It’s the end of the world as we know it (and I feel fine….)

The forces ripping global capitalism apart have made their way to our doorstep in more ways than one. Just check your superannuation balance. And no doubt by now you’ve heard the news that the University has taken a severe hit in its recurrent budget, due to a steep decline in investment returns. These funds were fueling the infrastructure build currently underway on campus and allowing us to do so without having to borrow on the open market. Now they’ve dried up, as they have for just about every other institution out there aside from Sydney real estate agents. The University has decided  that it is better to focus on reducing our expenditure now and over the next three years,  rather than just hoping things will get better, or (for now) halting the infrastructure build (given our desperate needs in this area). And so a 6% ‘savings’ target has been imposed on Faculties for each year 2009-2001, along with a 9% target for the centre. What this means practically is being worked out as I write and will be discussed with Chairs at the next SEC meeting. I’ll let you know what the implications are very soon for 2009 and beyond.  We need to try and find a way of making these savings without undermining our success, which has been significant in recent years and put us in a much better situation to manage these difficult times than otherwise might be. Some will come from managing how we roll out the recent positions we’ve advertised or are in the process of filling, and being prudent about future positions. Other savings will have to come from trimming our travel and research support budgets (alas), as well as continuing to manage our part-time teaching budgets extremely carefully. I think the biggest challenge will be trying to manage the workload implications of all of this. We can’t allow our workloads to balloon and thus undermine our research capacity and morale, but nor can we simply hope it all goes away. So we’ll need to look hard at our curricula planning for 2010-11 in particular, and that will mean thinking very hard about what is sustainable and what is not. Once again, I’ll be talking to chairs and as many of you as I can about this over the next few days and weeks. Meanwhile,  I’d be happy to hear from any of you about ideas or general comments about how best to address these challenges. It won’t be easy, but I am confident we’ll not only survive but prosper in the future. We’ve certainly got the talent and ability to do so in all of you.

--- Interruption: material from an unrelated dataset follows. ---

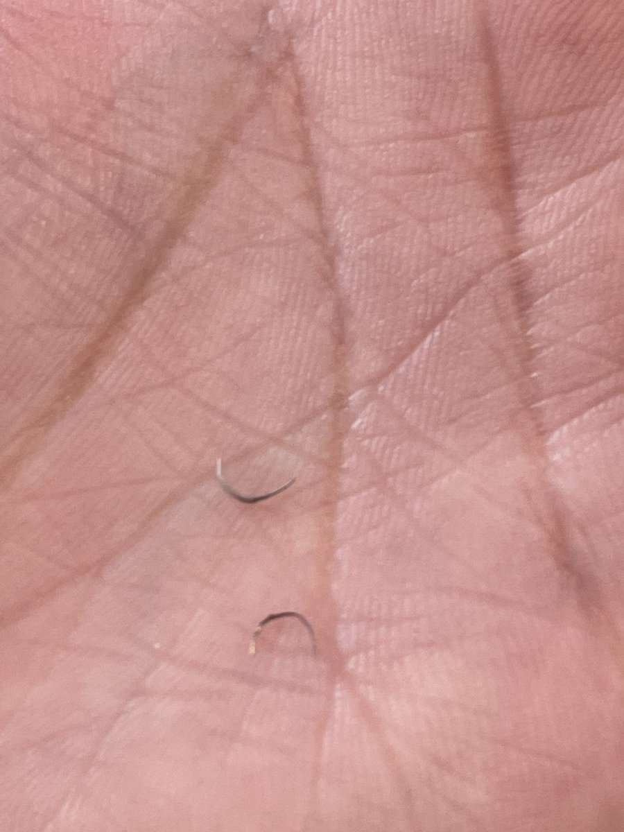 2枚目は、手のひらの上に、小さく細長い湾曲した金属片のように見える物を2つ置いた様子だ。
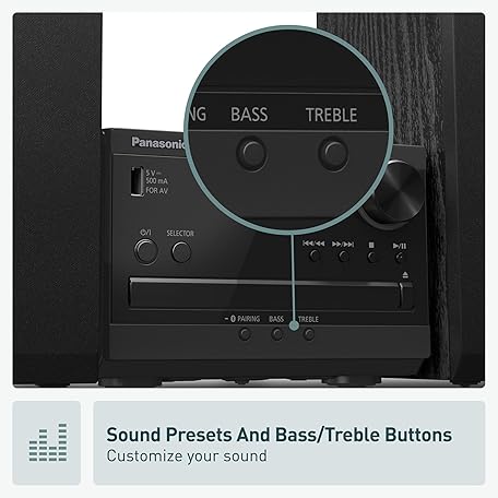 Thông tin sản phẩm Panasonic Compact Stereo System with CD Player, Bluetooth, FM Radio and USB with Bass and Treble Control, 20W Stereo System for Home with Remote Control - SC-PM270PP-K (Black)

Enough doom and gloom. There is still much to celebrate.  My warmest congratulations to Andrew Fitzmaurice (History) and John Grumley (Philosophy) for their success in being promoted to Level D. This is a major achievement and recognition of their outstanding work over the past few years. Congratulations also to Dirk Moses (History), has won the H-Soz-u-Kult Prize in modern history for his German Intellectuals and the Nazi Past, (CUP, 2007).  This is an extraordinarily prestigious award, voted by Germanhistorians, and books considered for the award cover all fields of modern history, so his book has been selected as the single best book in history published in 2007.  (see  And finally, many congratulations to Robert Aldrich (History) who as just been elected as Fellow of the  Australian Academy of Social Sciences, a richly deserved honour.

I am off to China for a few days to talk about multiculturalism and freedom, which should be interesting (!!), in addition to spruiking the wonders of the Faculty of Arts and the importance of the humanities and social sciences for a world in flux….. Glenda Sluga has kindly agreed to hold down the fort in my absence. See you soon.